(DATA FOR ANALYSIS begins)

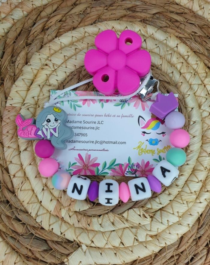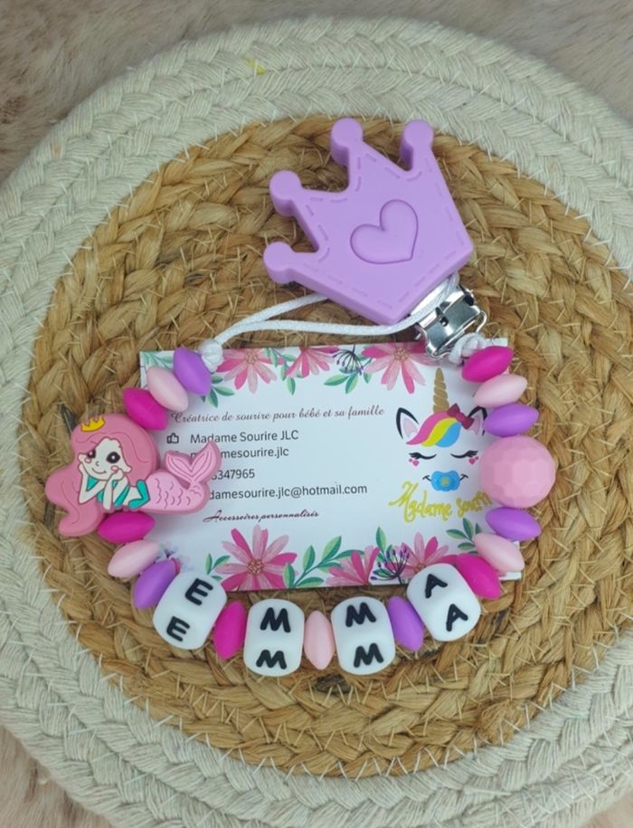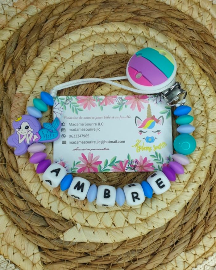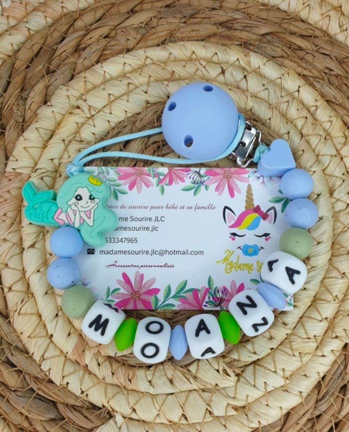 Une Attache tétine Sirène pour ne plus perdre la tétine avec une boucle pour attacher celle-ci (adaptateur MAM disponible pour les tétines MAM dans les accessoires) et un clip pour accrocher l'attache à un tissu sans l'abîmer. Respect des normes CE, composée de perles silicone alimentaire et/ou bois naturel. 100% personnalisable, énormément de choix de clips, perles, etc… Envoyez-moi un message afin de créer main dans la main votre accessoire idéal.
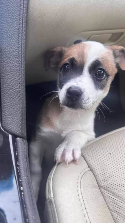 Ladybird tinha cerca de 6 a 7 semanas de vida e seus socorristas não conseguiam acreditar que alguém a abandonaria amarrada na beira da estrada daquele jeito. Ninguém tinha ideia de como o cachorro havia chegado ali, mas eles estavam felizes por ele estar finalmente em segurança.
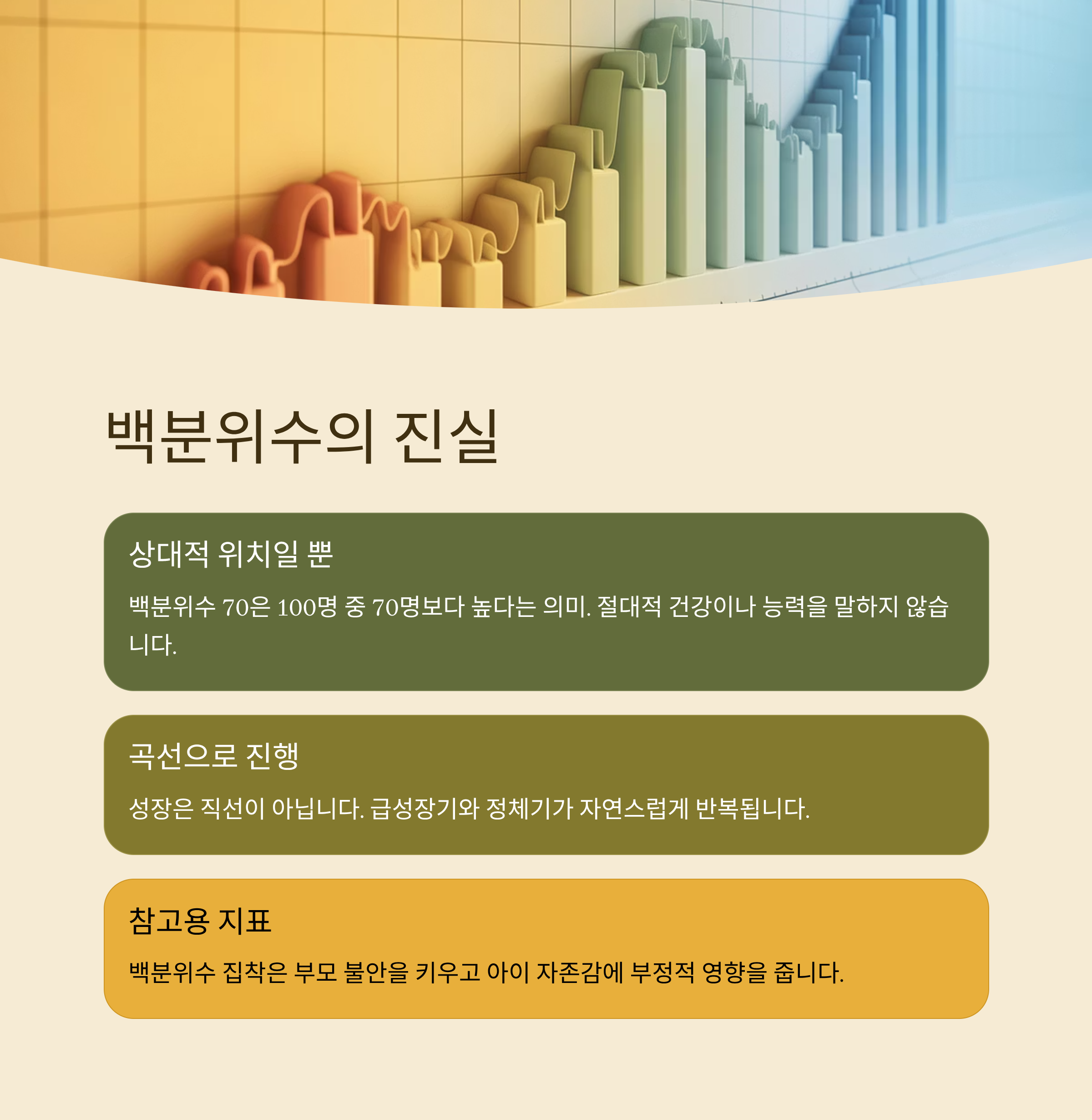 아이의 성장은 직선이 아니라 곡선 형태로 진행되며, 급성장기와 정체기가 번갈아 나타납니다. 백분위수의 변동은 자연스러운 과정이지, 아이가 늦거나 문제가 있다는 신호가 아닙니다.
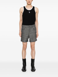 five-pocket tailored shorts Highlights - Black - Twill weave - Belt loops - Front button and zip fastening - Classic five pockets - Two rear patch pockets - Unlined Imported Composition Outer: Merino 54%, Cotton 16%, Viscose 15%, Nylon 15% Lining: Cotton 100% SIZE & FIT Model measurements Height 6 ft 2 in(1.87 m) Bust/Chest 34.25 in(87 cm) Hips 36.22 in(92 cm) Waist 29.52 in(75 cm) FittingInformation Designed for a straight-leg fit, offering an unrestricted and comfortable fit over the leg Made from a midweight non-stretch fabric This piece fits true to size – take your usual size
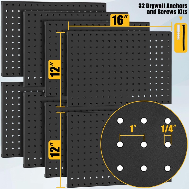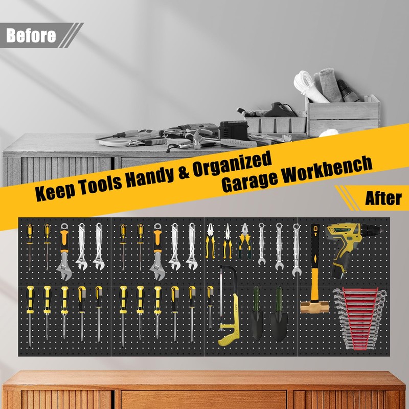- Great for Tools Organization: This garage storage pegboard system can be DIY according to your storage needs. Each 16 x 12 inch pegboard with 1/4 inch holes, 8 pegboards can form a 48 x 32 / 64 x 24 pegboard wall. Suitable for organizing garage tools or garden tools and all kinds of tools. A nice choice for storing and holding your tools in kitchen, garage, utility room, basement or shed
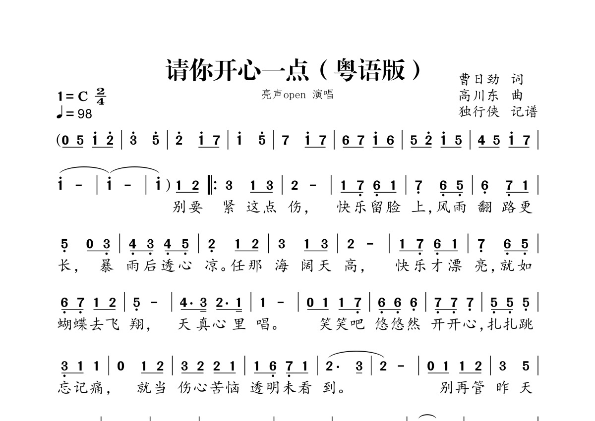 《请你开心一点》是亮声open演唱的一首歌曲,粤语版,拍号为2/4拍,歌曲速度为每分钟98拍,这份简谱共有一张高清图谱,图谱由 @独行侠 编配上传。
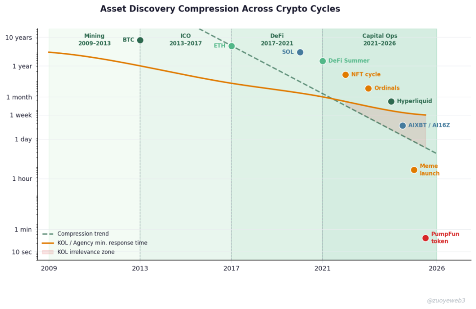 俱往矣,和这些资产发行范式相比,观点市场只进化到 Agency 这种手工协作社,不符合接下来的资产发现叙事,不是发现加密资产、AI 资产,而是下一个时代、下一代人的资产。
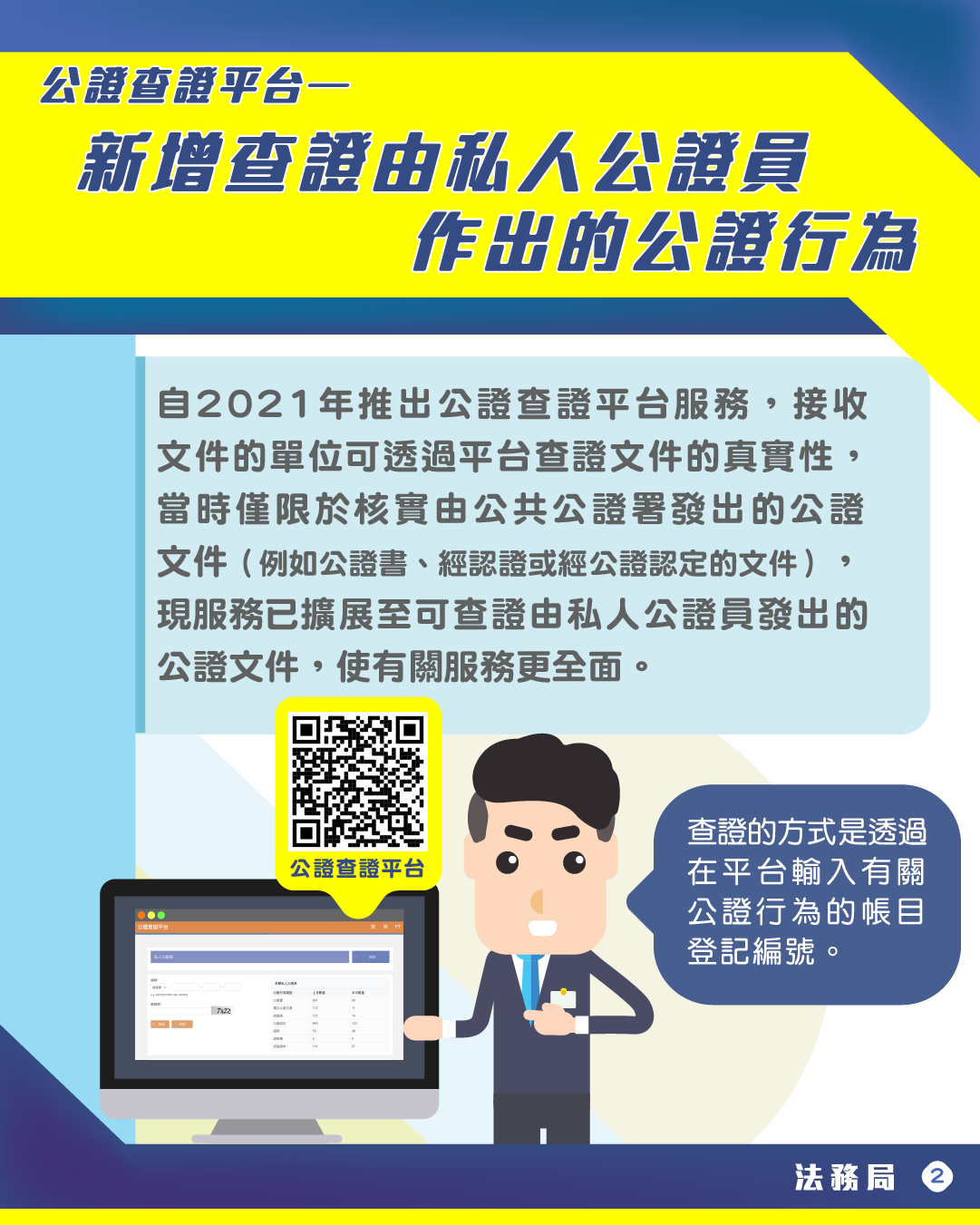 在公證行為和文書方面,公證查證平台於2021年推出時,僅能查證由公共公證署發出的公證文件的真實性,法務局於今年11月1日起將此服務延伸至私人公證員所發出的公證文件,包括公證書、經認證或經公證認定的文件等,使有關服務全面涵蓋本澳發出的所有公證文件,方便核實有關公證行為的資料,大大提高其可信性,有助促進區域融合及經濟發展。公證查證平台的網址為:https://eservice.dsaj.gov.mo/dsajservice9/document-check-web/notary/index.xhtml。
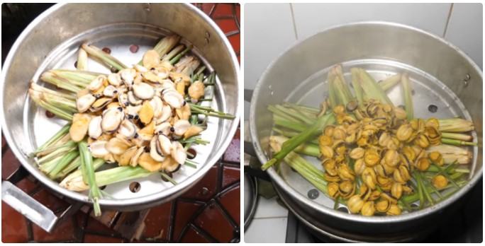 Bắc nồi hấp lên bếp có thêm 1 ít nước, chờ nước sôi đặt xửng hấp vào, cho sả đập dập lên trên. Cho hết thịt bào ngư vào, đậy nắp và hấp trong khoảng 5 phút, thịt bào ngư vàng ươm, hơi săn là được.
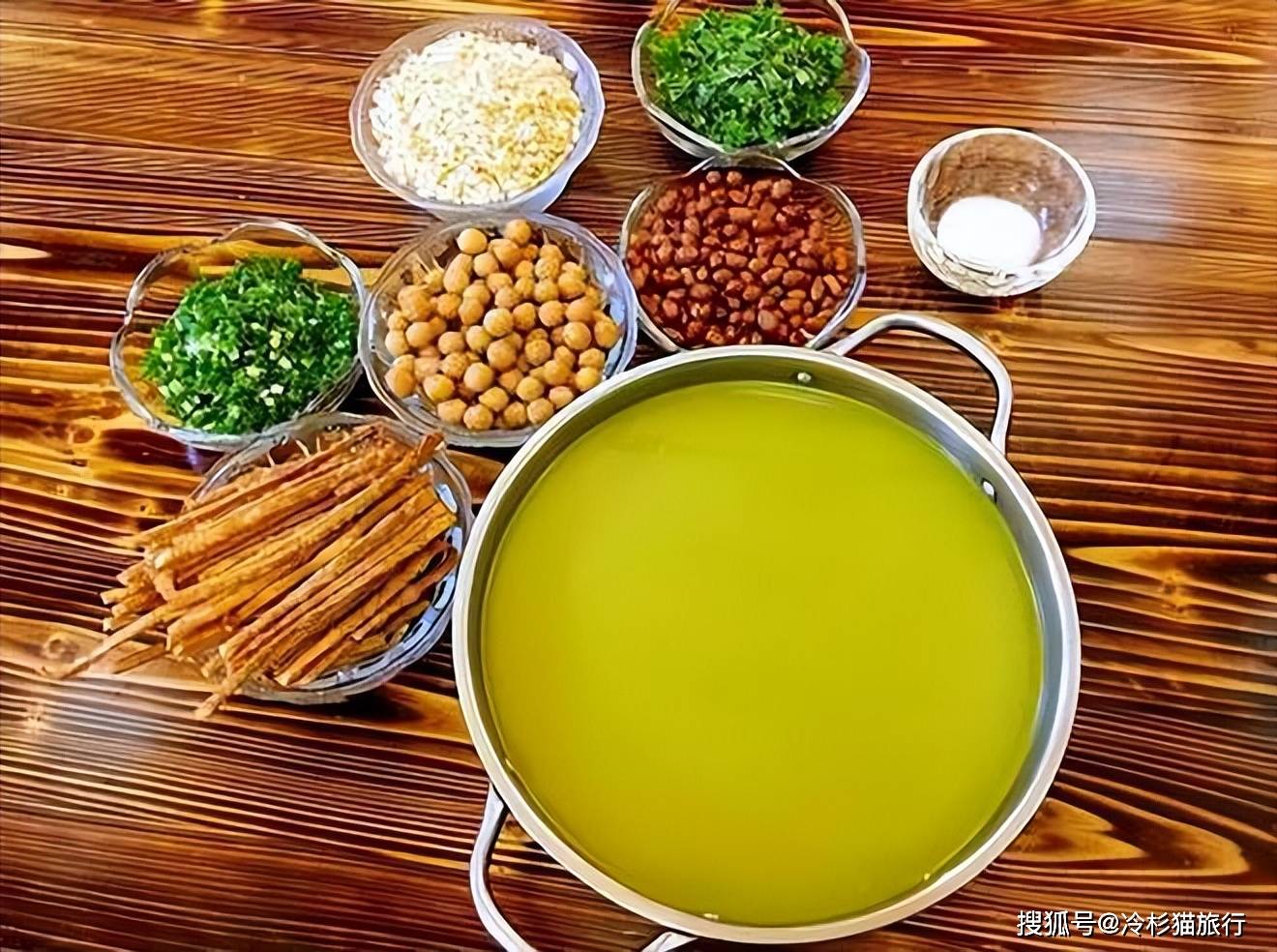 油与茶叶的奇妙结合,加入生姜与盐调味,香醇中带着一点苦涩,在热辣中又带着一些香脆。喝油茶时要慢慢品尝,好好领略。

(DATA FOR ANALYSIS ends)

(WORK REQUIRED):
Write out all the entries again, word for word, and print no images.

(RESPONSE FOR THIS EXERCISE):
 Une Attache tétine Sirène pour ne plus perdre la tétine avec une boucle pour attacher celle-ci (adaptateur MAM disponible pour les tétines MAM dans les accessoires) et un clip pour accrocher l'attache à un tissu sans l'abîmer. Respect des normes CE, composée de perles silicone alimentaire et/ou bois naturel. 100% personnalisable, énormément de choix de clips, perles, etc… Envoyez-moi un message afin de créer main dans la main votre accessoire idéal.
 Ladybird tinha cerca de 6 a 7 semanas de vida e seus socorristas não conseguiam acreditar que alguém a abandonaria amarrada na beira da estrada daquele jeito. Ninguém tinha ideia de como o cachorro havia chegado ali, mas eles estavam felizes por ele estar finalmente em segurança.
 아이의 성장은 직선이 아니라 곡선 형태로 진행되며, 급성장기와 정체기가 번갈아 나타납니다. 백분위수의 변동은 자연스러운 과정이지, 아이가 늦거나 문제가 있다는 신호가 아닙니다.
 five-pocket tailored shorts Highlights - Black - Twill weave - Belt loops - Front button and zip fastening - Classic five pockets - Two rear patch pockets - Unlined Imported Composition Outer: Merino 54%, Cotton 16%, Viscose 15%, Nylon 15% Lining: Cotton 100% SIZE & FIT Model measurements Height 6 ft 2 in(1.87 m) Bust/Chest 34.25 in(87 cm) Hips 36.22 in(92 cm) Waist 29.52 in(75 cm) FittingInformation Designed for a straight-leg fit, offering an unrestricted and comfortable fit over the leg Made from a midweight non-stretch fabric This piece fits true to size – take your usual size
- Great for Tools Organization: This garage storage pegboard system can be DIY according to your storage needs. Each 16 x 12 inch pegboard with 1/4 inch holes, 8 pegboards can form a 48 x 32 / 64 x 24 pegboard wall. Suitable for organizing garage tools or garden tools and all kinds of tools. A nice choice for storing and holding your tools in kitchen, garage, utility room, basement or shed
 《请你开心一点》是亮声open演唱的一首歌曲,粤语版,拍号为2/4拍,歌曲速度为每分钟98拍,这份简谱共有一张高清图谱,图谱由 @独行侠 编配上传。
 俱往矣,和这些资产发行范式相比,观点市场只进化到 Agency 这种手工协作社,不符合接下来的资产发现叙事,不是发现加密资产、AI 资产,而是下一个时代、下一代人的资产。
 在公證行為和文書方面,公證查證平台於2021年推出時,僅能查證由公共公證署發出的公證文件的真實性,法務局於今年11月1日起將此服務延伸至私人公證員所發出的公證文件,包括公證書、經認證或經公證認定的文件等,使有關服務全面涵蓋本澳發出的所有公證文件,方便核實有關公證行為的資料,大大提高其可信性,有助促進區域融合及經濟發展。公證查證平台的網址為:https://eservice.dsaj.gov.mo/dsajservice9/document-check-web/notary/index.xhtml。
 Bắc nồi hấp lên bếp có thêm 1 ít nước, chờ nước sôi đặt xửng hấp vào, cho sả đập dập lên trên. Cho hết thịt bào ngư vào, đậy nắp và hấp trong khoảng 5 phút, thịt bào ngư vàng ươm, hơi săn là được.
 油与茶叶的奇妙结合,加入生姜与盐调味,香醇中带着一点苦涩,在热辣中又带着一些香脆。喝油茶时要慢慢品尝,好好领略。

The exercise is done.